While several individuals at Mozilla were receptive to the idea of TACO (and had installed it onto their own computers), they weren't so in love with the idea of shipping 100 different opt out cookies with their browser, or having to maintain and update the list for new add networks. Quite simply, TACO was an inelegant kludge, and didn't scale. In March of 2009, Mozilla's VP of Engineering Mike Shaver emailed me to state his own preference for a header:
Could we not just standardize/promote a header like X-Tracking-Opt-Out, and ask the tracking groups to honour it? Simpler to specify, simpler to update (the null case, in fact), forward-effective as new ad networks add support, and separated from the implications and implementation of cookies.


The Do Not Track Header

The header approach suffered from a serious chicken and egg problem. No ad network was willing to look for, or respect the header (primarily because no one was sending the header). Likewise, because no one was looking for the header, the browser vendors weren't ready to add support for it to their products.

In July of 2009, I decided to try and solve this problem. My friend and research collaborator Sid Stamm helped me to put together a prototype Firefox add-on that added two headers to outgoing HTTP requests:
X-Behavioral-Ad-Opt-Out: 1
X-Do-Not-Track: 1

The reason I opted for two headers was that many advertising firms' opt outs only stop their use of behavioral data to customize advertising. That is, even after you opt out, they continue to track you. There are a handful of firms though that do promise to no longer track you when you opt out. One big problem is that it is very difficult for consumers to figure out which company is doing what -- since they all use the term opt out.

I assumed that any header-based system would be voluntary, and so by using two different headers, I would be able to play nicely with whatever a firm was willing to do. That is, if a firm currently agreed to opt consumers out of all tracking, then the firm could look for the Do Not Track header, but if the firm refused to provide a tracking opt out, they could at least agree to respect a behavioral advertising opt out header.

In mid July 2009, the Future of Privacy Forum organized a meeting and conference call in which I pitched the header concept to a bunch of industry players, public interest groups, and other interested parties. I was perhaps slightly over-dramatic when I told them that the "day of reckoning was coming", for opt out cookies, and that it was time to embrace a header based mechanism. I told them that I planned to add the headers (enabled by default) to my TACO add-on in a future release, after which, I would be able to argue that hundreds of thousands of consumers were sending this signal that the advertising firms were ignoring.

In the end, none of the advertising firms showed any interest in the header. A couple months later, I started working at the Federal Trade Commission, and ultimately decided against including the header in TACO, as I thought it might rock the boat at my new job.
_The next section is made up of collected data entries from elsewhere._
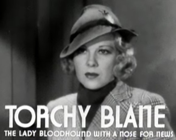 Screenshot of Glenda Farrell from the trailer for the film Smart Blonde .
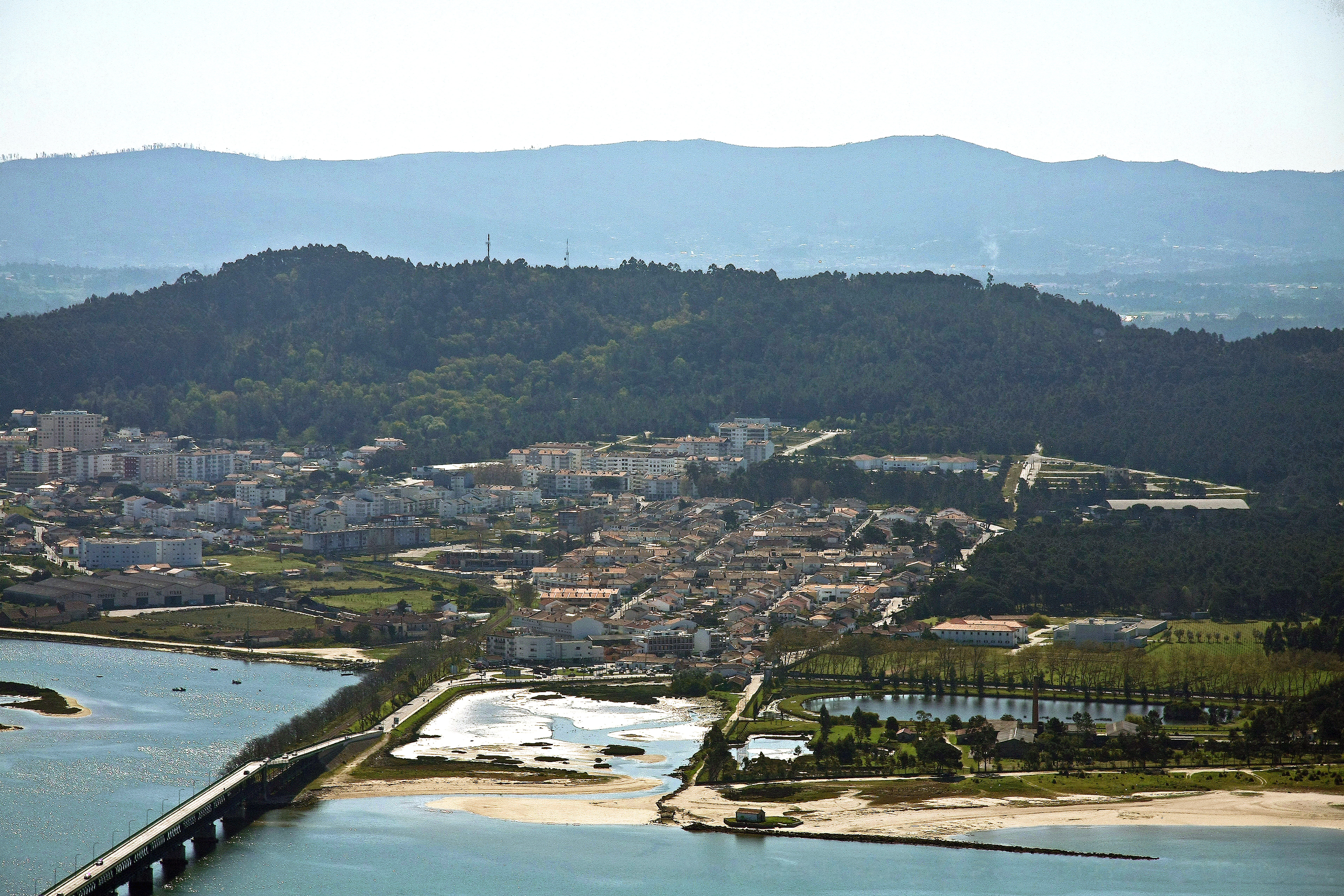 See where this picture was taken. [?]
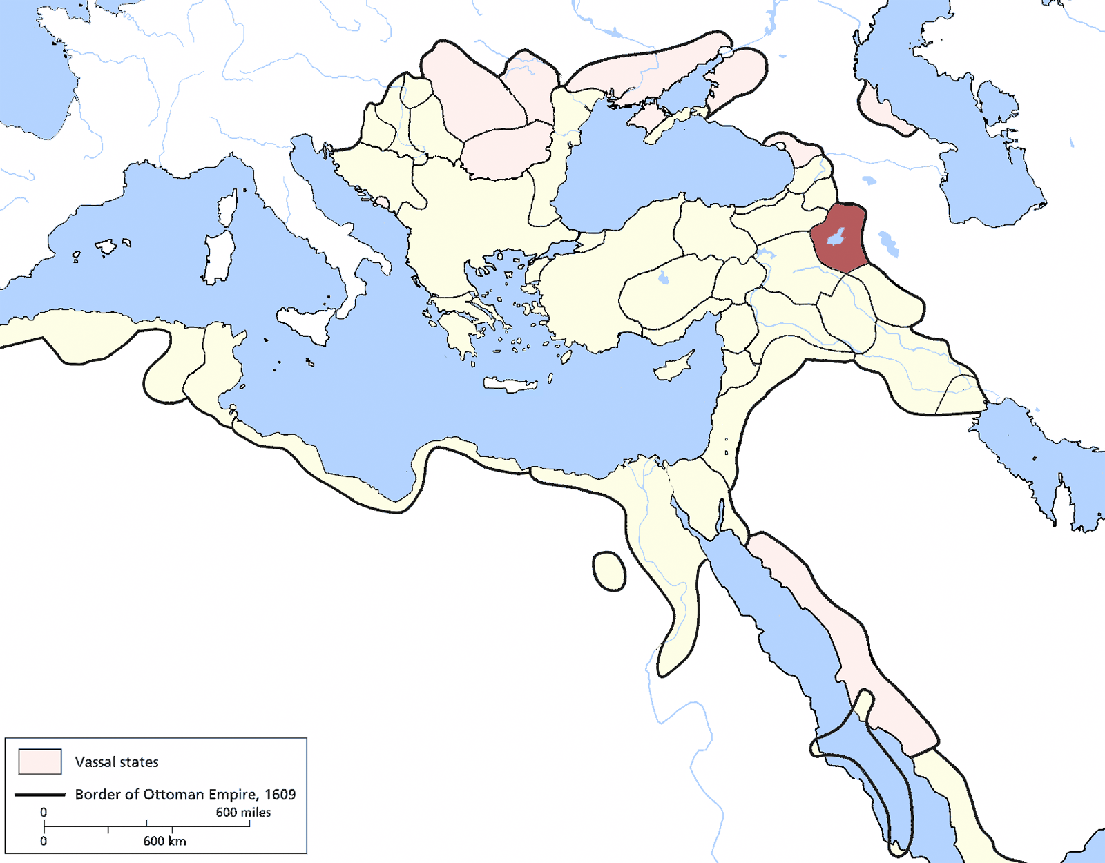 Van Eyalet, Ottoman Empire (1609). Source: Encyclopedia of the Ottoman Empire at Google Books By Gábor Ágoston, Bruce Alan Masters

In mid 2010, when the FTC Chairman breathed life back into the discussion of Do Not Track, the header I had implemented and lobbied for somehow managed to catch the attention of privacy advocates, public interest groups, regulators and even browser vendors. Ultimately, the Behavioral Advertising Opt Out header seems to have been discarded, and instead, focus has shifted to a single header to communicate a user's preference to not be tracked.

The policy of Do Not Track

The technology behind implementing the Do Not Track header is trivially easy - it took Sid Stamm just a few minutes to whip up the first prototype. The far more complex problem relates to the policy questions of what advertising networks do when they receive the header. This is something that is very much still up in the air (particularly since no ad network has agreed to look for or respect the header).

Over the last few months, a number of privacy experts, including Arvind Narayanan and Jonathan Mayer at Stanford, Lee Tien and Peter Eckersley at the Electronic Frontier Foundation, and Harlan Yu at Princeton University have worked to come up with a solid proposal that will help to shape this more complex part of the debate.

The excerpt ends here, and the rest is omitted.